I’m encountering an issue post running a dbt model adapted from iceberg example in the docs & the sql just transforms data by reading iceberg data present in Athena and dumping it in AWS Athena. We have a table created via this mentioned dbt process, core_acct_monthly & this needs to run for multiple partition dates.
Initially, we loaded data for the partition 20241231
, resulting in approximately 45 million records(expected & correct). Subsequently, we loaded data for the partition 20241130
, containing about 44 million records(expected & right).

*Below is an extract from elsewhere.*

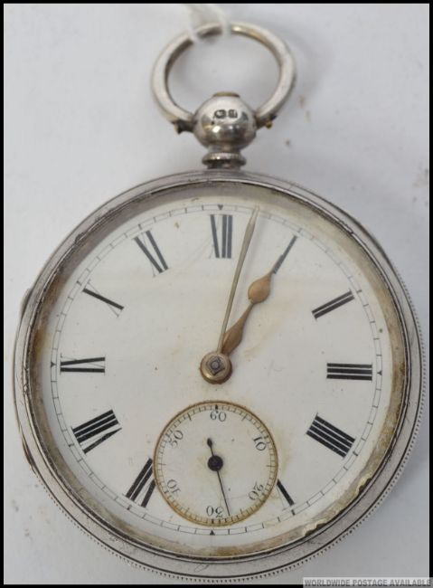 A Victorian silver hallmarked gentlemans pocket watch having enamel face with subsiduary seconds dials. London hallmarks for 1883.

My dbt model config is like this:
{{
config(
alias='core_acct_monthly',
materialized='incremental',
format='parquet',
table_type='iceberg',
partitioned_by=['ptn_val_txt']
unique_key = ['acct_id'],
incremental_strategy='merge'
)
}}
When querying the table info in Athena via $partitions command and using other iceberg related commands & snapshots, the record counts for the partitions appear correct when viewed individually (44 million for 20241130
and 45 million for 20241231
when checked immediately after load). In S3, I’m also seeing a lot of files that also reflect these numbers (data and metadata folders are getting created correctly too).
However, when I do count(*) for that partition in Athena, the record count for the older partition (20241231
) drastically reduces to approximately 700,000 records without any deletion or any operation apart from running the dbt model. The count for the newer partition (20241130
) remains correct at 44 million.
This discrepancy only appears in Athena queries. The metadata and files in the underlying S3 bucket appear to reflect the original, higher counts for both partitions. It seems the issue is with how Athena/Iceberg is presenting the data, despite the underlying data existing.
Could you please help me understand why this issue of incorrect record count is happening? Is there anything I’m missing from dbt-athena and iceberg adapter? We’re concerned that Athena is not correctly reflecting the data stored by Iceberg. Is this expected Iceberg behavior related to snapshots or some other mechanism? If so, how can we ensure Athena queries accurately reflect the actual data in S3? Is there something wrong with Glue metadata creation in this case?